Today, Doug Marcille tells his story only in terms of the days he was just about sure his company was going to go out of business.
The first such day came at the onset of 2003, shortly after Marcille joined U.S. Gas & Electric Inc. He’d come aboard the company as chief financial officer because he loved the business model at the natural gas reseller, but it didn’t take long to see something was wrong.
“The retail end at the time was really kind of a mess, to say the least,” says Marcille, now the company’s president and CEO. “The company was selling fixed-price contracts that were underwater, the market had moved against those contracts, and the company wasn’t hedging or doing any other risk management, so I actually closed the retail gas business on the fourth day I was at the company.”
Marcille did what he could, fixing the retail gas model and slowly building the company back up. But, just as he thought things were going to turn, he got a knock from the SEC in the fall of 2003, which started an informal inquiry into the way additional capital was raised using private placements in 2002 and early 2003.
“I’d never had a knock on the door like that before, and I did not know what would happen,” he says. “You can imagine getting that knock and thinking it’s the end of the world.”
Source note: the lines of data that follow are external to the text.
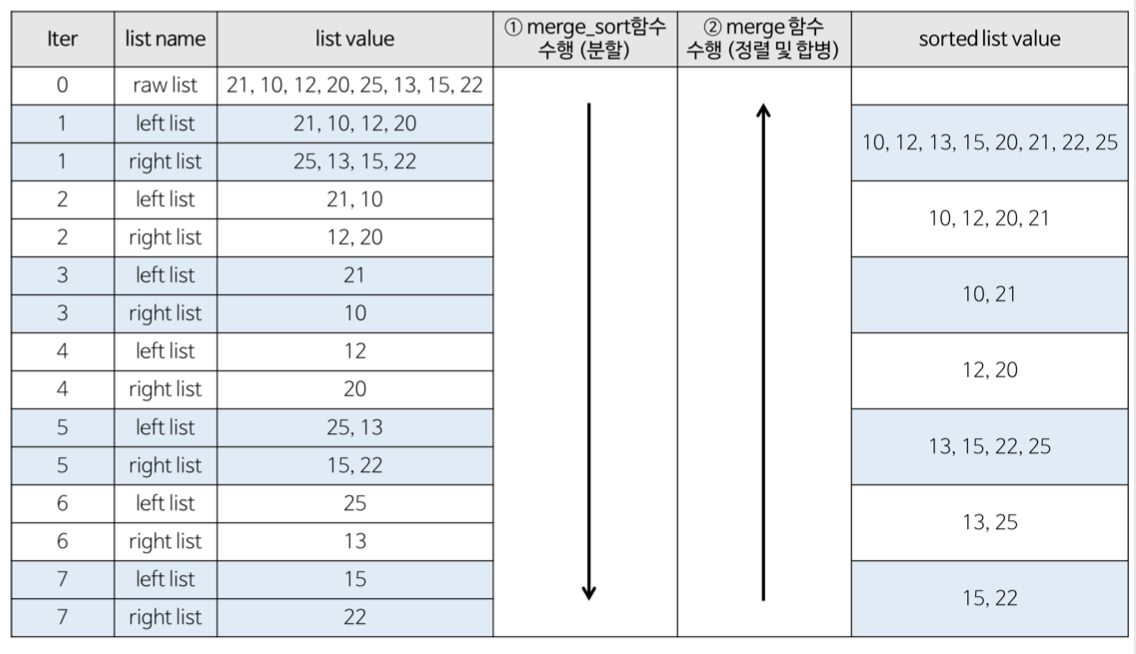 - ํ๋์ ๋ฆฌ์คํธ๋ฅผ ๋๊ฐ์ ๊ท ๋ฑํ ํฌ๊ธฐ๋ก ๋ถํ ํ๊ณ ๋ถํ ๋ ๋ถ๋ถ ๋ฆฌ์คํธ๋ฅผ ์ ๋ ฌํ ๋ค์, ๋๊ฐ์ ์ ๋ ฌ ๋ฆฌ์คํธ๋ฅผ ํฉํ์ฌ ์ ์ฒด๊ฐ ์ ๋ ฌ๋ ๋ฆฌ์คํธ๊ฐ ๋๊ฒ ํ๋ ๋ฐฉ๋ฒ
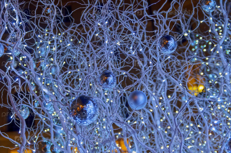Красивые новогодние украшения из стеклянных шаров и электрических гирлянд как фон
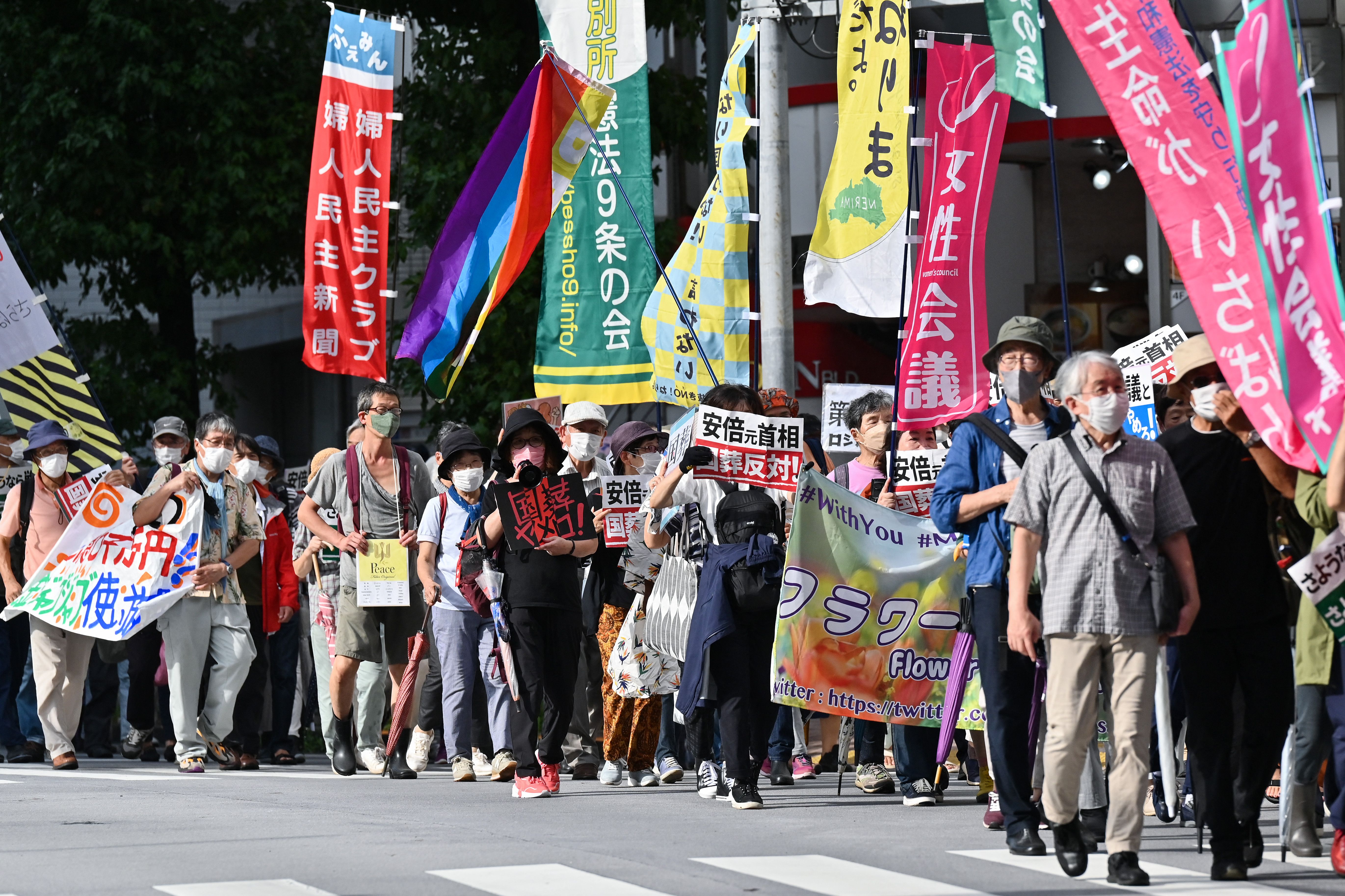 反國葬團體19日不畏颱風南瑪都登陸日本,仍於東京澀谷的代代木公園舉辦遊行活動,號召1.3萬民眾上街,手拿標語、橫幅,邊喊「反對違反憲法的國葬」口號抗議,不過遊行中也發生小插曲,有民眾與警察發生衝突。

It very nearly was the end of the world for USG&E. The company had sales of less than $2.8 million in 2004, as it was crippled by a standstill agreement with the SEC. Marcille had to completely retrench, cutting the company from 50 people to just two by 2005. Suddenly the lonely top executive of a two-person company, Marcille had to grow the company organically.
That process wasn’t easy, but Marcille started by making the personnel cuts to keep USG&E alive and then slowly built it back up on the backs of known talent. As he started to get the company above water, he leveraged his good relationships to spark growth.